По приезде в США я получил место «visiting professor» в Бетани-Колледж в штате Вест Вирджиния – к слову сказать, это место я вспоминаю сейчас с умилением, там было очень хорошо и очень не по-советски. В библиотеке колледжа я просмотрел много книг «Who is who», и на фамилию Вильямс, и на Хойт, и на Херберт, и ещё на много разных имен. Но в розыске родственников я не преуспел. Мне советовали обратиться к мормонам, не знаю, как сказать точнее. В эту пору, после книги Хэйли «Roots» многие увлекались поисками своих «корней». Мне сказали, что самые полные сведения в компьютерах мормонской церкви в штате Юта. Я туда написал и в ответ получил длинный список «genealogists», которые могли бы мне помочь. Но прикинув, во что может обойтись помощь, мы до поры до времени оставили наши попытки.

Ещё я помню тетю Веру потому, что ей подарили, не знаю кто, книгу, которая впоследствии стала одной из моих любимых. Это была большая, очень большая и толстая, переплетённая в красную обложку антология русской поэзии Ежова и Шамурина. Там я впервые прочёл много стихотворений, которые помню и люблю до сих пор. Одним из наиболее понравившихся было стихотворение Ирины Одоевцевой «Роберт Пентегью»: это история могильщика Тома, однажды встретившего на кладбище девять котов. Коты попросили могильщика передать Роберту Пентегью, что Молли Грей умерла, и исчезли. Могильщик не знал, кто такой Роберт Пентегью, но когда он сказал об этой просьбе своей жене, их кот внезапно выпрыгнул из угла: «как? Молли Грей умерла? Прощайте. Пусть Бог вам счастье пошлёт»; и прыгнул в окошко черный кот». Утром могильщик встретил похоронную процессию; это были похороны никому в тех краях неведомой Молли Грей, и было ясно, что хоронившие её девять юношей были теми, встреченными им котами. Стихотворение кончается так:

«ведь я тоже Роберт Пентегью; прожила я так много кошачьих дней; когда же умрет моя Молли Грей?». Я пробовал узнать, есть ли в английской литературе баллада о Роберте Пентегью; похоже, что нет, хотя на таковую ссылается поэтесса. На красной обложке антологии была вытиснено золотом «Вере Вильямс от Роберта Пентегью». Много позже, когда я уже лучше знал стихи Одоевцевой, я услышал от одного своего приятеля, писавшего, но никогда не пытавшегося публиковать превосходные стихи, одно стихотворение, посвящённое Гумилеву и такое, что просто необходимо, чтобы его знала живущая сейчас в Париже Одоевцева. Увы, я не помню это стихотворение целиком.

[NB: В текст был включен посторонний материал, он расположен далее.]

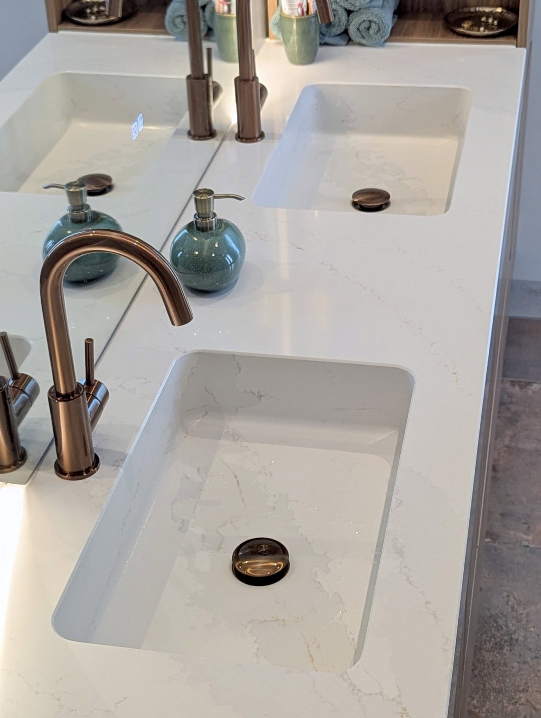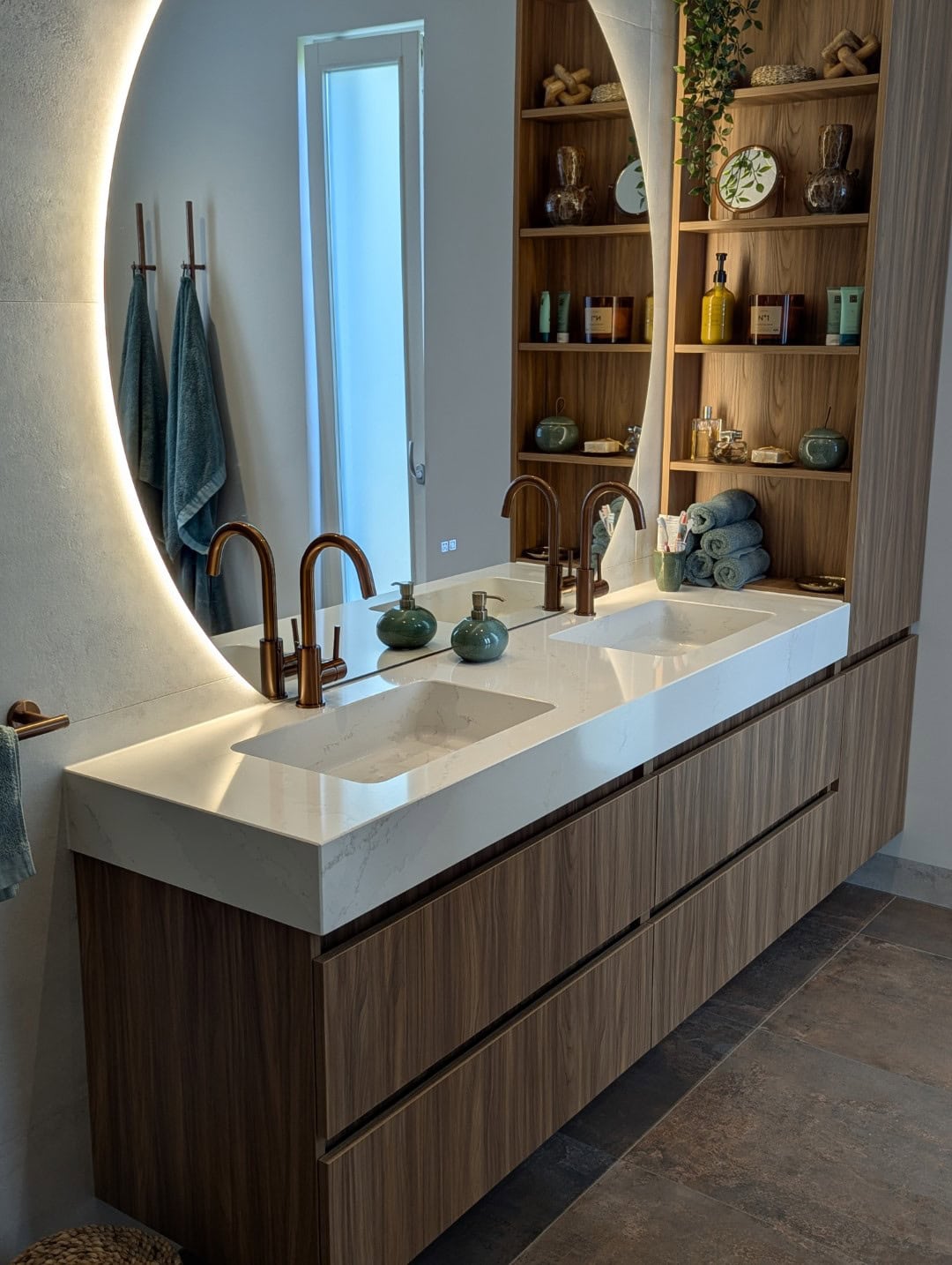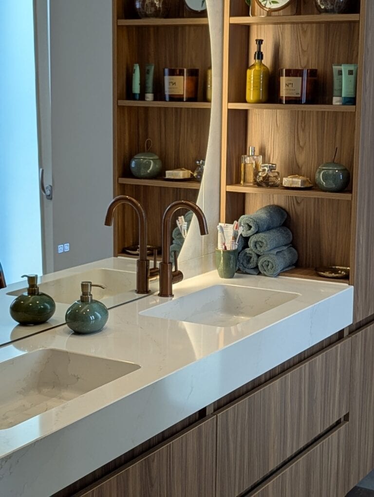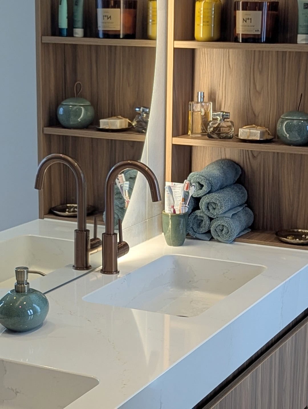Het chique wastafelblad Evita in composiet Silestone Calacatta Gold, gecombineerd met de bronzen kranen en accessoires van Brauer, vormt een stijlvolle finishing touch.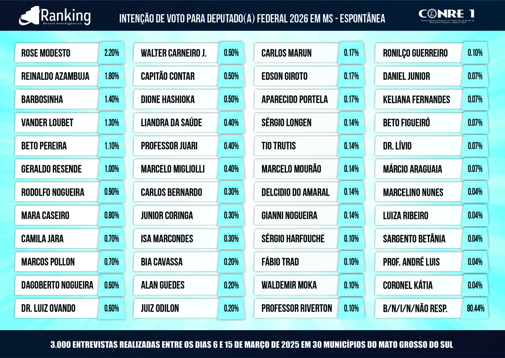O Instituto Ranking Brasil Inteligência divulgou, nesta semana, a primeira pesquisa de intenções de voto para deputado federal em Mato Grosso do Sul nas eleições gerais de 2026. O levantamento, encomendado pela Rede de rádios Top FM, entrevistou 3 mil eleitores, com 16 anos ou mais, em 30 municípios do Estado, entre os dias 6 e 15 de março. A pesquisa tem intervalo de confiança de 95% e margem de erro de 1,8 ponto percentual para mais ou para menos.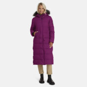 Women’s water- and windproof winter coat with 400 g insulation. Breathable outer fabric. Soft lining fabric inside the coat. Detachable hood fastens to the collar with snap buttons. Ribbed cuffs on sleeves. Rubber cord tunnel with stoppers on the waistline. Front two-way zipper. Detachable faux fur trim on hood. Reflective detailing has been added to the outer fabric of the coat for better visibility in the dark.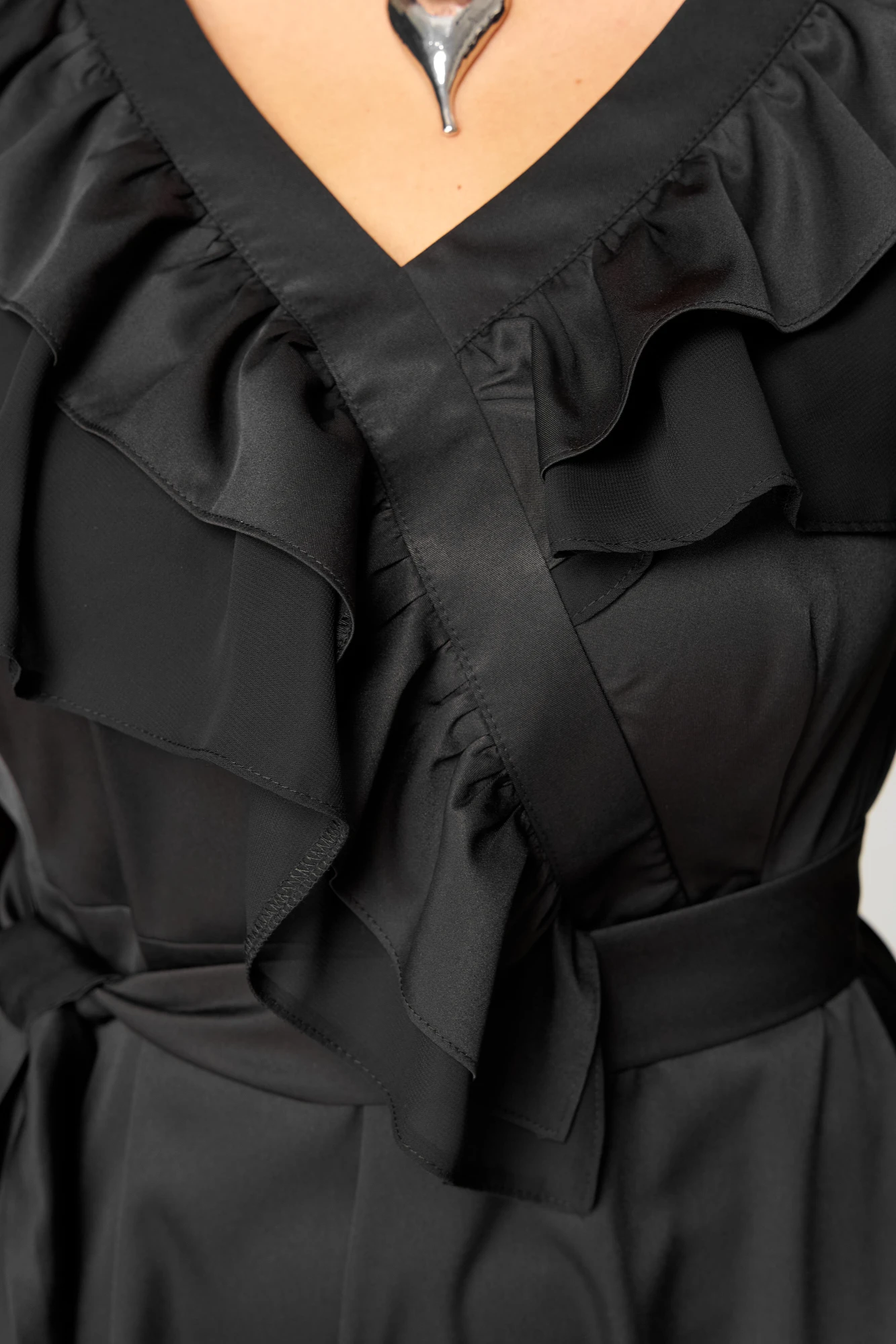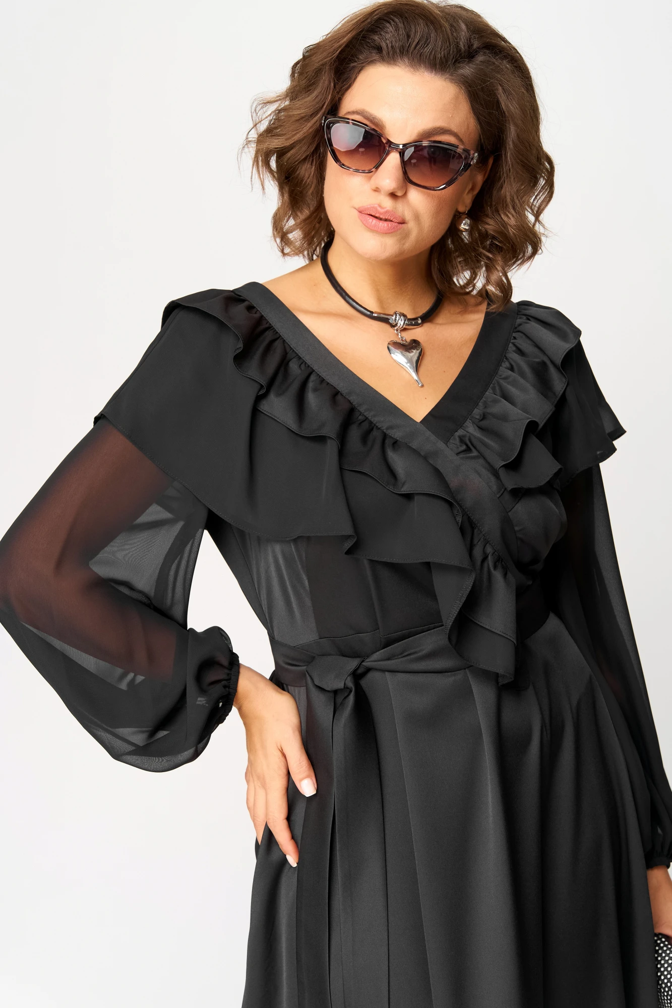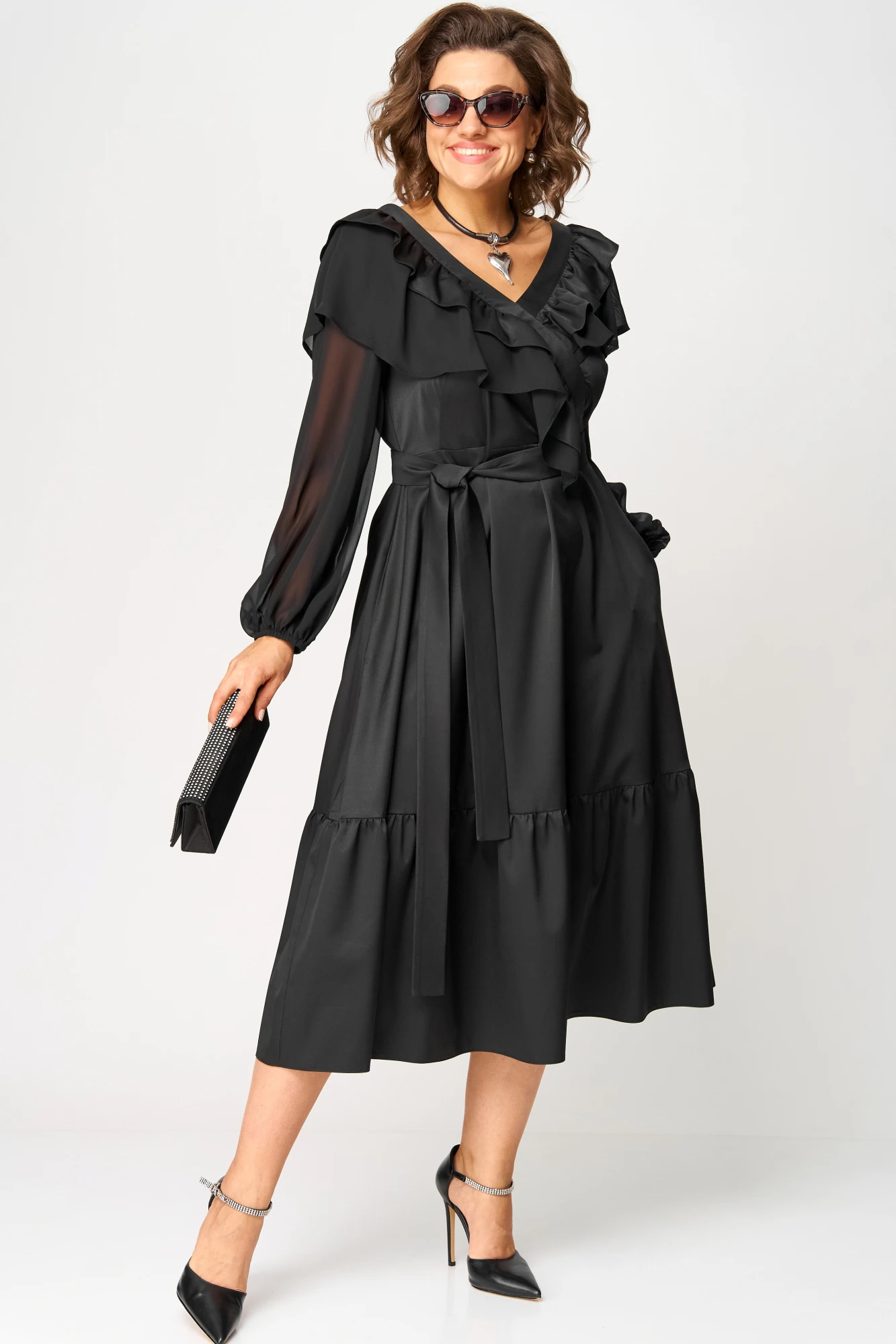 Платье женское нарядно-повседневное полуприлегающего силуэта до талии и расширенное к низу. Платье отрезное по линии талии, вырез горловины V-образный с ассиметричными рюшами из тканей двух дизайнов. Рукав втачной из шифона по низу на резинке. В боковых швах платья обработаны карманы, по низу притавчной волан из основной ткани. Декором платья служит съемный пояс из основной ткани.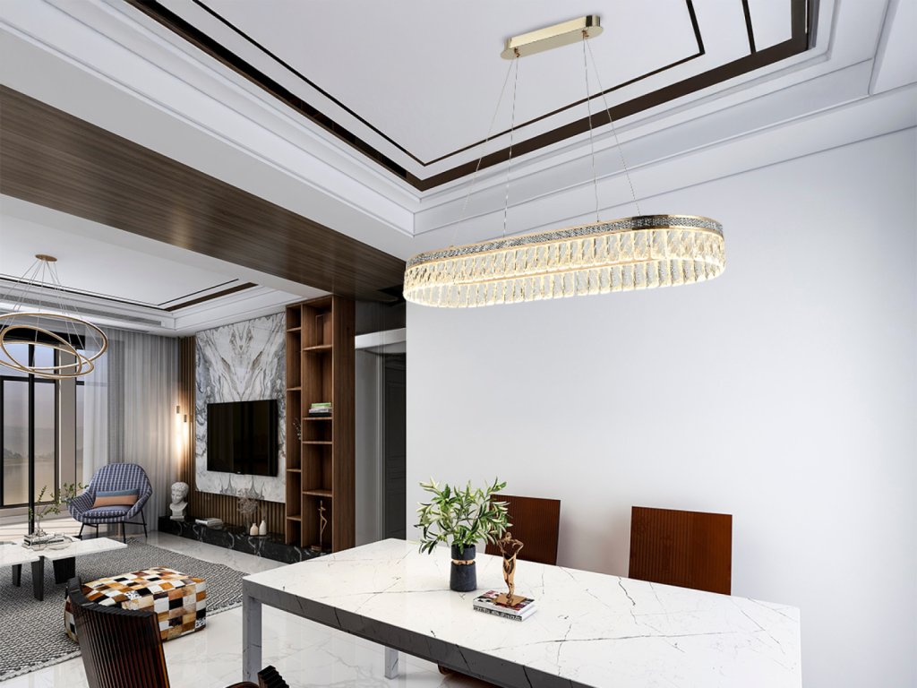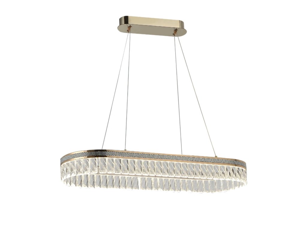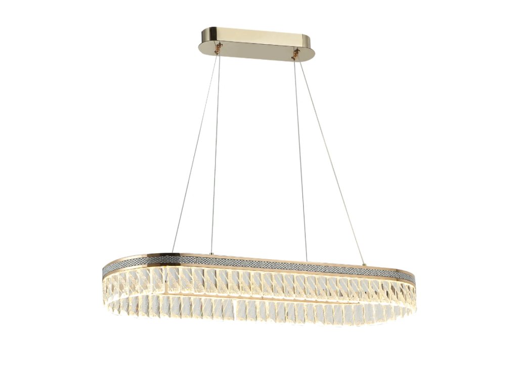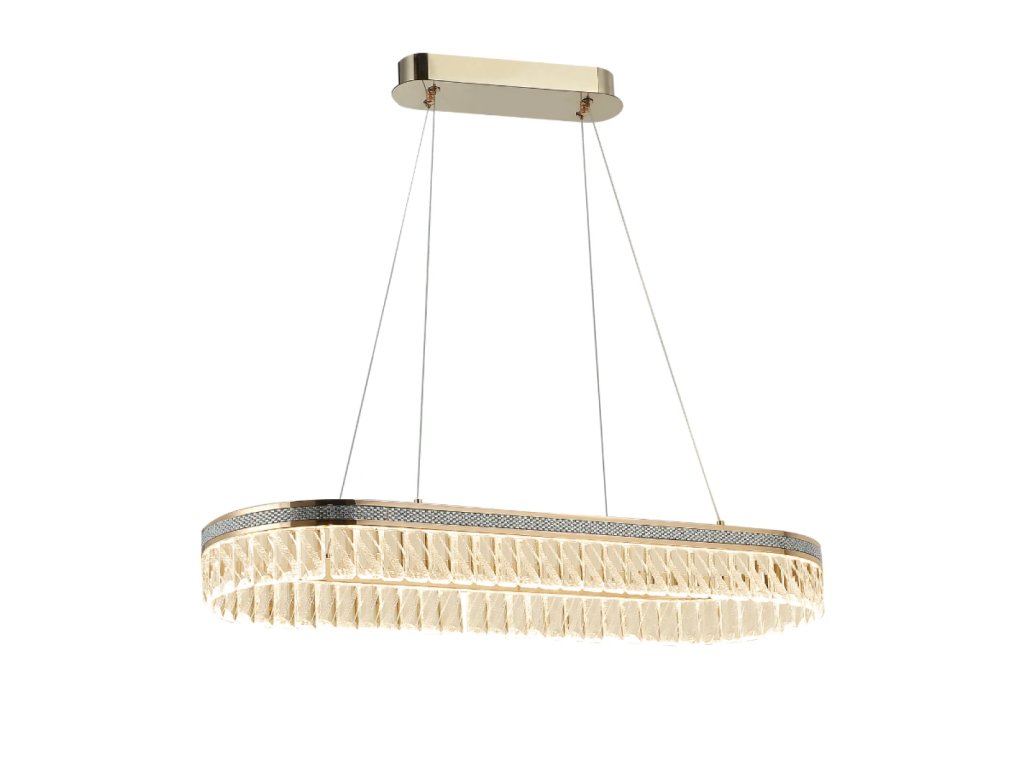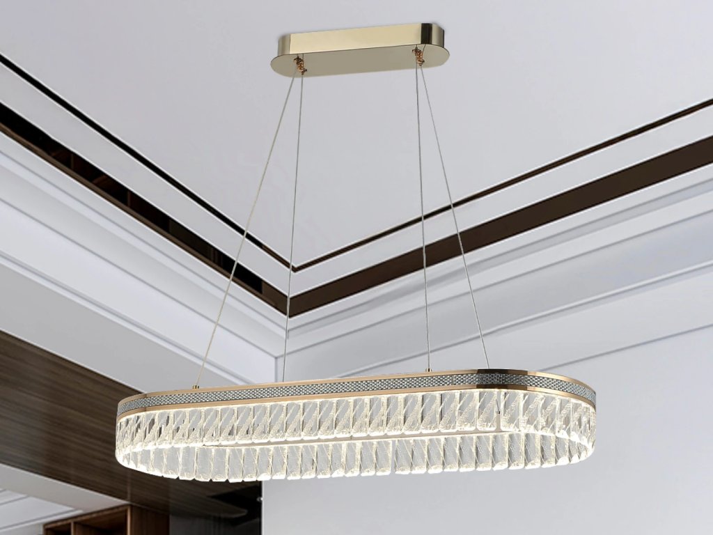 Prémiové materiály – kombinácia lesklej kovovej konštrukcie a brúsených krištáľov vytvára luxusný a sofistikovaný vzhľad.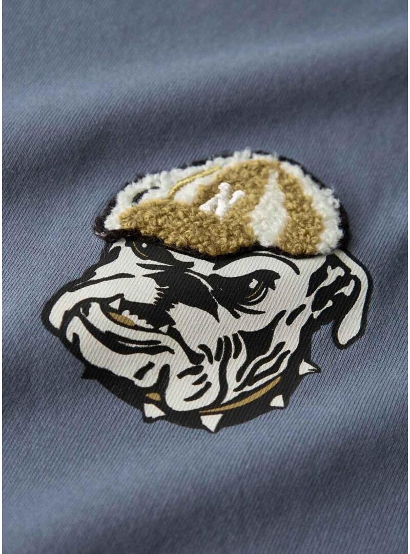 Maglietta Name It. Modello Sato. Colore blu. Girocollo. Manica corta. Vestibilità regolare. Illustrazione di Bulldog stampata sul petto con dettagli in rilievo.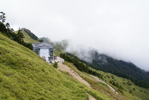 照片二:往合歡山東峰的山徑上,俯瞰雲霧中的松雪樓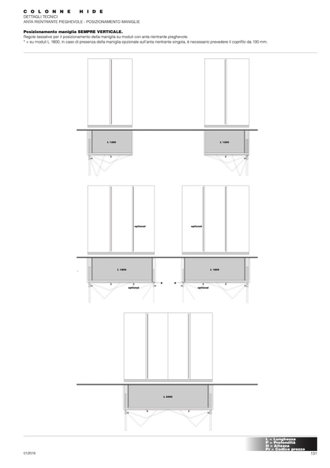 * = su moduli L 1800, in caso di presenza della maniglia opzionale sull’anta rientrante singola, è necessario prevedere il coprifilo da 100 mm.
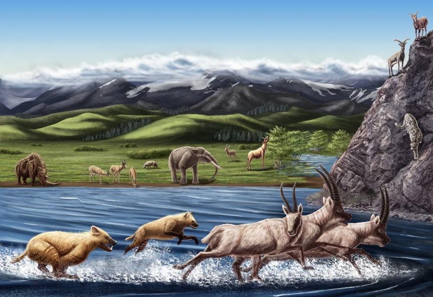 西藏札達(dá)盆地上新世哺乳動(dòng)物群生態(tài)復(fù)原圖。(中國(guó)科學(xué)院古脊椎所供圖)

И ещё от тети Веры остались и как бы перешли ко мне гадальные карты. Я не то чтобы пристрастился к гаданиям, но, начиная с тех пор, изучил разные способы предсказывания судьбы. Случалось, что мои предсказания сбывались так точно и в то же время так необычно, что я и в самом деле стал считать себя большим знатоком в этом деле. Когда решались сделать что-либо, иногда какой-нибудь отчаянный поступок, вроде побега из лагеря, с моим гадательским мнением считались. Мне повезло, я никого не подвёл.

Доскажу историю про нашу квартиру. После смерти деда, в 1939 году, специальным указом в его память, вкупе с персональной пенсией семье (не могу понять, что это значит: в это время отец был жив и зарабатывал более, чем достаточно) и распоряжением установить памятник (памятник установили, и он стоит по сию пору), квартира была предоставлена в вечное пользование семье академика Вильямса и всем от него пошедшим. Но времена менялись, и Никита Сергеевич Хрущёв, после поездки в Америку, решил перевести Тимирязевскую Академию в сельскохозяйственные районы, а освободившиеся помещения использовать для нужд какой-то военной академии, каковую предполагалось разместить на месте Тимирязевской. И однажды к нам домой явилась делегация в составе не кого-нибудь, а генерал-майора и достаточно представительных при нём шестёрок. В высшей степени вежливо маме объяснили в чём дело, сказали, что вот академия переводится в земледельческие районы, нам придётся из нашей квартиры уехать, нам будет предоставлена равноценная площадь в центре Москвы – лучший из мыслимых вариантов – и как-то невзначай поинтересовались, а как вот у нас оказалась такая дивная квартира. Мама, вздыхая, поднялась, и достала из шкатулки копию документа об увековечивании памяти академика Вильямса. А на копии, именно на копии, красовалась собственноручная подпись «И.Сталин». Делегация переглянулась и растаяла в воздухе. Больше их никто не видел. Хорошее было время, демократизация. Сталина поносили по-разному, но понимающие люди всё понимали.